Por Trivia Demir

La semana comienza con una frustración masiva, la de no poder competir ni siquiera deportivamente sin que en ello afloren los grandes conflictos que subyacen presuntamente en el inconsciente colectivo nacional: el enfrentamiento bipolar. Todo lo que no está de este lado, está del otro, y es mi enemigo. ¿Pero existe en verdad “la grieta”? ¿O es una sugestión que permanentemente nos percuten con solo dos opciones de un presunto `múltiple choice´, pero que tiene siempre dos casilleros tendiente a la polarización de las ideas y las conductas? La sugestión es un modo de manipulación, y de hecho la palabra se parece mucho a la ‘sujeción´, ambas son metodologías ampliamente utilizadas en el manejo de las sociedades. De hecho es tema de estudio a través de la historia. El principio de la realidad es comenzar porque se crea que así es la cosa. La pugna de Foucault por “dar con las condiciones en las que el sujeto se libere de sus sujeciones, no remite a ninguna utopía, sino que se asienta en la ineludible fragilidad que somos”. El fútbol es el antro de la emotividad argentina fuertemente manejada por la política, casi como el ágora fue a los discutidores griegos, y el circo con o sin pan, a los imperialistas romanos. Y mientras el Boca-River revive la polarización Macri-Cristina tras bamabalinas y bandos, la hinchada que es todo el pueblo no solo se queda sin partido, sino posiblemente hasta sin cancha, mirando por TV.
Una columna de autoría de Leandro Mora Alfonsín (**) y Martín Trombetta (***), presentaron hace meses y bajo este título “¿En qué cancha se juega el partido del desarrollo?”, un buen análisis de lo que estamos dejando de abordar, mientras corremos tras lo urgente.
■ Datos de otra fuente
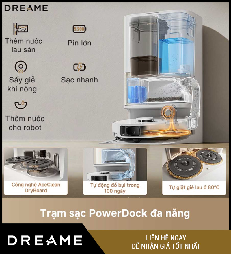 Một điểm nâng cấp cực kỳ đáng giá ở Dreame L50 Ultra CE chính là trạm sạc đa năng PowerDock™, không chỉ đơn thuần để sạc mà là trung tâm xử lý “hậu cần” cho robot:

De allí la oportunidad de reeditarlo en este momento. Los autores explican que “La economía argentina presenta un cuadro de estancamiento desde 2011. El crecimiento acumulado en los últimos siete años es de 4,8%, muy inferior a la media regional y factiblemente menor al crecimiento poblacional, lo cual implica que en términos per cápita la economía argentina se ha reducido. La cancha en la que juega nuestra economía se viene achicando. No parece coincidencia que casi no se hayan registrado mejoras relevantes en el mercado de trabajo en ese período, con la creación de empresas y el empleo formal privado prácticamente estancado. Solo se observa un crecimiento considerable en el empleo público (que ya luce un tanto sobredimensionado) y en los monotributistas, categoría ocupacional precaria que siquiera garantiza que los que son contabilizados en ella efectivamente estén ocupados de manera continua. En este contexto, cabe preguntarse ¿cuál es el sendero de desarrollo que Argentina necesita seguir para asegurar una reactivación sustancial del mercado de trabajo?”, se preguntan. “La respuesta a esta pregunta se aleja de los grandes titulares coyunturales, de la neurosis del F5 a la cotización del dólar y de la bola de nieve de Lebac. Y aunque una de las claves tiene que ver con mejorar las condiciones que favorecen las exportaciones, fuente genuina de divisas para los países de menor desarrollo relativo, hay que rascar más profundo. El partido se juega en otro terreno. Para precisar dónde, podemos recorrer dos caminos en estas breves líneas: por un lado, caracterizar los sectores productivos con los que contamos, los que generan valor, tecnología y empleo. Y por el otro, identificar los problemas estructurales que una política para el desarrollo debe atender”, explican.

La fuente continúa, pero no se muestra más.